Work to complete -> Reproduce the data below word for word, setting aside any picture it holds.

Data section ->
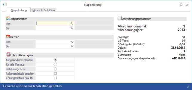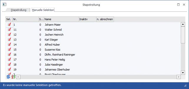 Über das Register "Manuelle Selektion" kann eine weitere Einschränkung der AN vorgenommen werden, für die eine Rollung durchgeführt werden soll.
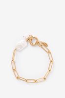 Bracelet plaqué or de Sissy-Boy. Le bracelet est de couleur dorée et est orné d'une perle. Évitez tout contact avec des produits cosmétiques (parfum, laque, démaquillant, dissolvant, huile de corps, crème solaire, gel désinfectant pour les mains et déodorant). Ne portez pas les bijoux sous la douche, dans le bain ou lorsque vous vous baignez. Le chlore, en particulier, peut endommager ou décolorer de façon permanente les bijoux. Dimensions : 18 cm. Composition : 100% acier.
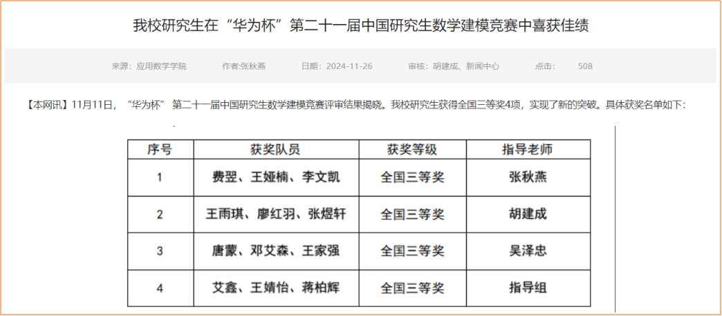 研究生在数学建模竞赛喜获佳绩
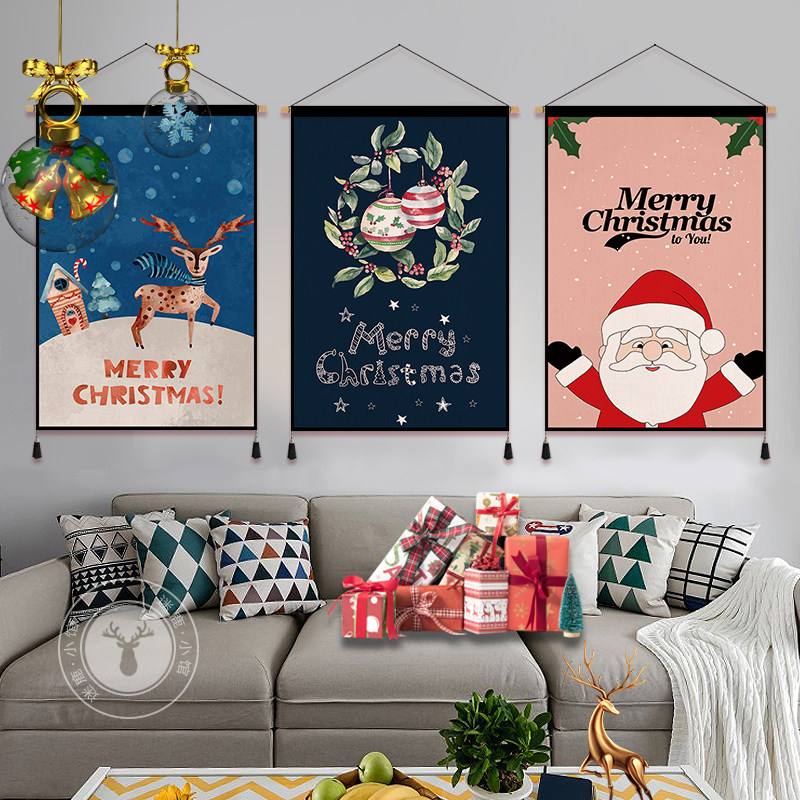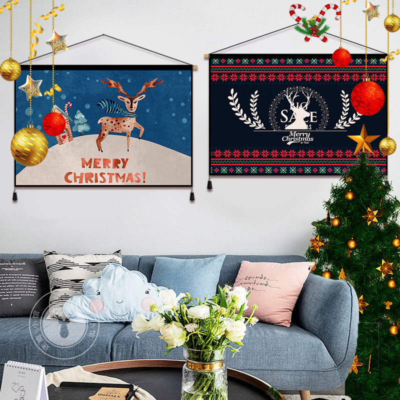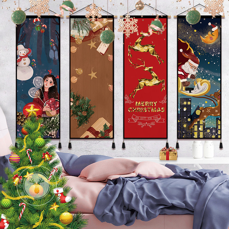 2022 new Christmas tapestry background wall hanging painting store holiday decoration hanging painting electric meter box to cover the room hanging cloth

Answer for the task ->
 Über das Register "Manuelle Selektion" kann eine weitere Einschränkung der AN vorgenommen werden, für die eine Rollung durchgeführt werden soll.
 Bracelet plaqué or de Sissy-Boy. Le bracelet est de couleur dorée et est orné d'une perle. Évitez tout contact avec des produits cosmétiques (parfum, laque, démaquillant, dissolvant, huile de corps, crème solaire, gel désinfectant pour les mains et déodorant). Ne portez pas les bijoux sous la douche, dans le bain ou lorsque vous vous baignez. Le chlore, en particulier, peut endommager ou décolorer de façon permanente les bijoux. Dimensions : 18 cm. Composition : 100% acier.
 研究生在数学建模竞赛喜获佳绩
 2022 new Christmas tapestry background wall hanging painting store holiday decoration hanging painting electric meter box to cover the room hanging cloth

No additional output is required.